§ **Problem statement**: Copy nothing but the lines below running from the line containing "Cocina equipada con" through the line containing "通過簽署安全協議,觀看視頻,同學們明確了", both end lines included.

§ **Data excerpts**:
|---|

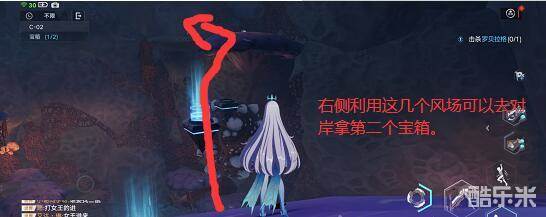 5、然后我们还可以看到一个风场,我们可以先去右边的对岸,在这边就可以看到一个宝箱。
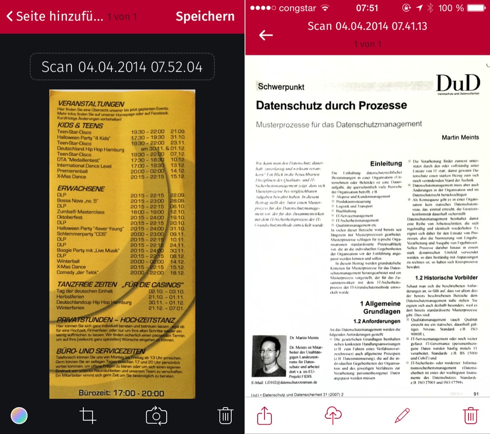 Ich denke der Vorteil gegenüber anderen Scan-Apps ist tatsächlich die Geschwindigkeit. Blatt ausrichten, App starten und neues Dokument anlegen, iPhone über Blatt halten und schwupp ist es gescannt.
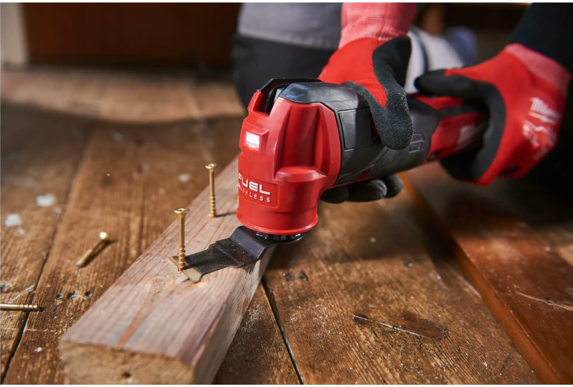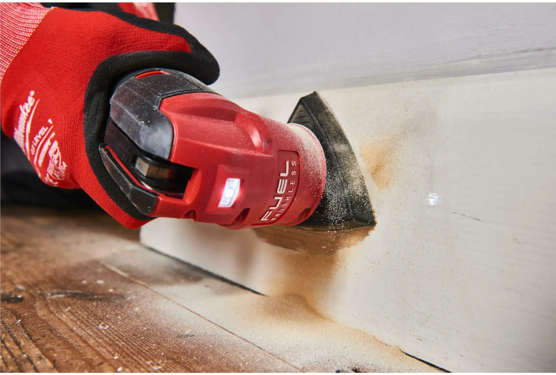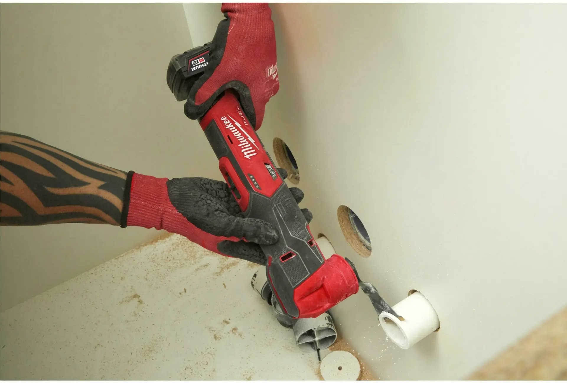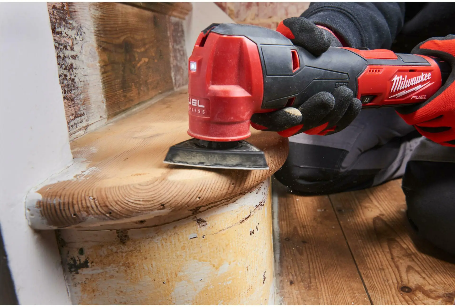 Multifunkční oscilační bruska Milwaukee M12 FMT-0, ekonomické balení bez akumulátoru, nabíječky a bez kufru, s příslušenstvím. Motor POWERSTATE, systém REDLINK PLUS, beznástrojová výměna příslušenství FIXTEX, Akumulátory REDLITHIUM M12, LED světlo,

|---|

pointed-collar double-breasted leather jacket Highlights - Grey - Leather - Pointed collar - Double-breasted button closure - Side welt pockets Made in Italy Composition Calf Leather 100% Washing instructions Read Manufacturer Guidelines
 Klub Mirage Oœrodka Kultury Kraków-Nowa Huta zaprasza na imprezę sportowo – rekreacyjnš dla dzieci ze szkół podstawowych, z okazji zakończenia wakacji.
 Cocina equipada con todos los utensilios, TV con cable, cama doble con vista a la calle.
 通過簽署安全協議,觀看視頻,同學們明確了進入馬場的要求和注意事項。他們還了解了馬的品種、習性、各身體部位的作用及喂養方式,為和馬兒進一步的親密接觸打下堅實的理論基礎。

|---|

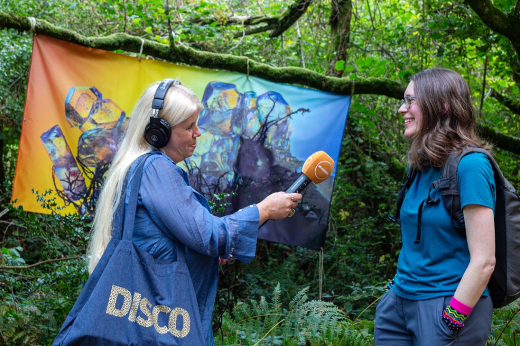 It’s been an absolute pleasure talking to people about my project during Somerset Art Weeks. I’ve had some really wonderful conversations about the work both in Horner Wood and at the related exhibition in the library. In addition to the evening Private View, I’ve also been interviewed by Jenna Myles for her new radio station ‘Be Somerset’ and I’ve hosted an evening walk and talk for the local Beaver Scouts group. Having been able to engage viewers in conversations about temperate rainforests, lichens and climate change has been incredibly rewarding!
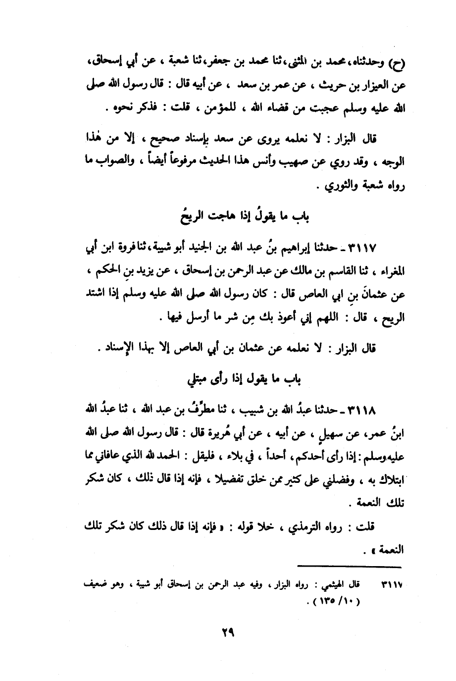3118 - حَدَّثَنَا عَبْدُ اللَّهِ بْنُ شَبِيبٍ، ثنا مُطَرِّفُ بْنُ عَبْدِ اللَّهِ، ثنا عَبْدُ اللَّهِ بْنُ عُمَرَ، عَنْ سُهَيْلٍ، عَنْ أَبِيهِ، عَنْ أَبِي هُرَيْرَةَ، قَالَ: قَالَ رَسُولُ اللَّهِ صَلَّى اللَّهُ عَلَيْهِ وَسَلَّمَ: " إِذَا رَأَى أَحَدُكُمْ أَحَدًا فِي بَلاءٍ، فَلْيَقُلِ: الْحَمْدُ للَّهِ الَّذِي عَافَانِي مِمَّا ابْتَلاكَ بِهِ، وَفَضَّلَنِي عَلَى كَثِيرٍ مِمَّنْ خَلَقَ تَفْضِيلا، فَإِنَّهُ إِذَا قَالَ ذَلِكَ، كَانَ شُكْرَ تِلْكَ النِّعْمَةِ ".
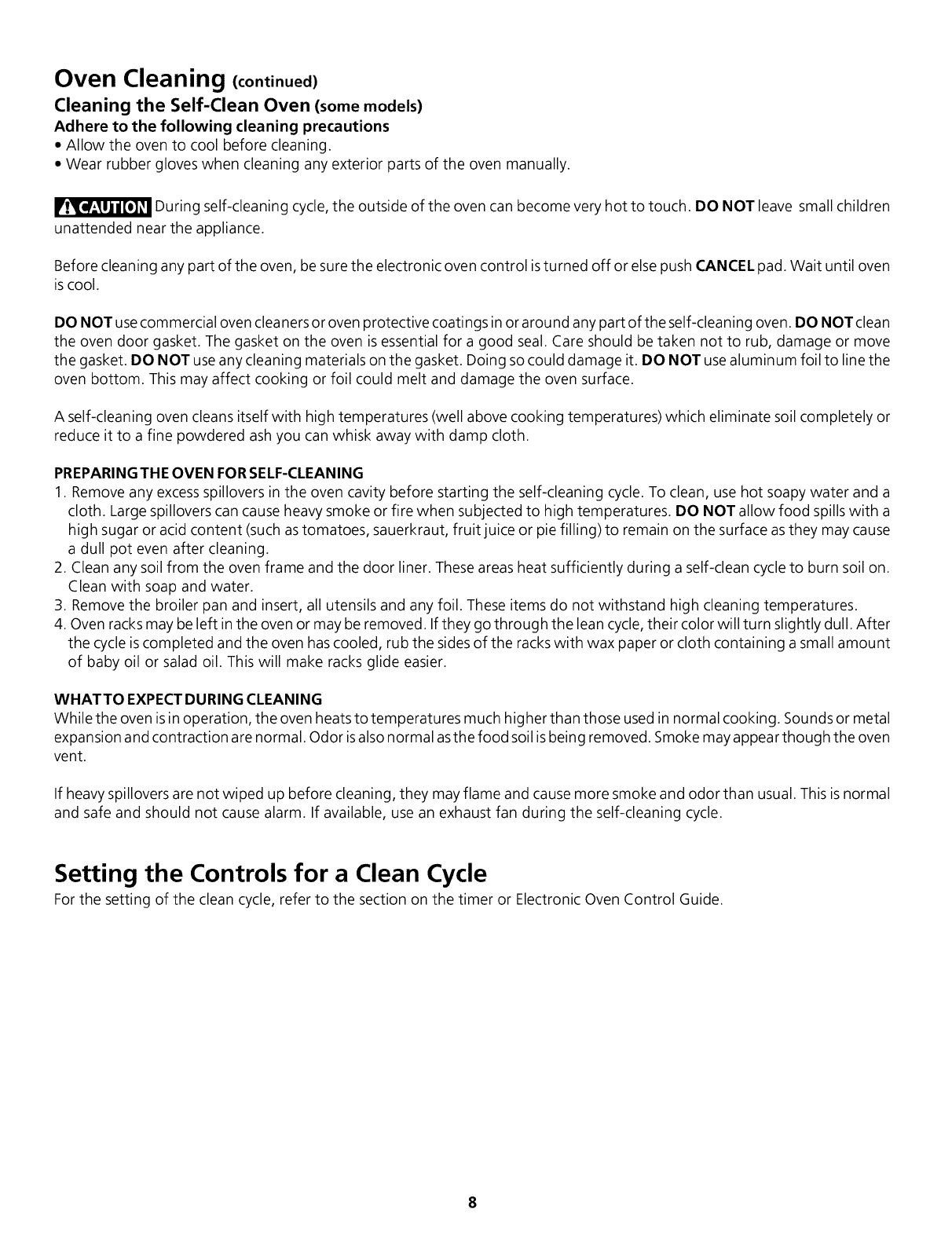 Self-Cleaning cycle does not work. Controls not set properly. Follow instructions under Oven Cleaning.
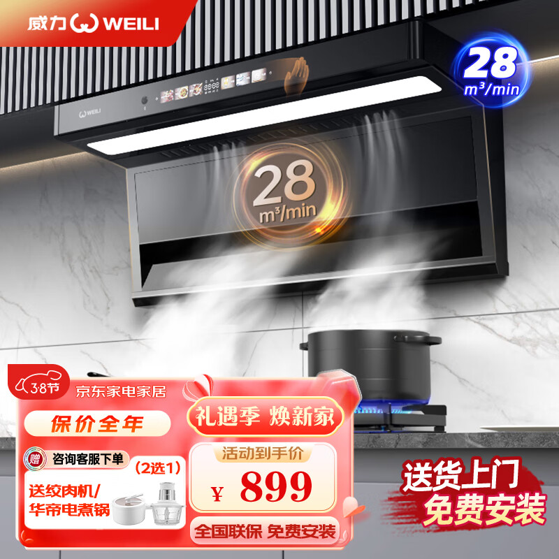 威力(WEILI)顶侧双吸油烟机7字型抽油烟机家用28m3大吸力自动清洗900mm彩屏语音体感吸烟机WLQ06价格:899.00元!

|---|

§ **Task answer**:
 Cocina equipada con todos los utensilios, TV con cable, cama doble con vista a la calle.
 通過簽署安全協議,觀看視頻,同學們明確了進入馬場的要求和注意事項。他們還了解了馬的品種、習性、各身體部位的作用及喂養方式,為和馬兒進一步的親密接觸打下堅實的理論基礎。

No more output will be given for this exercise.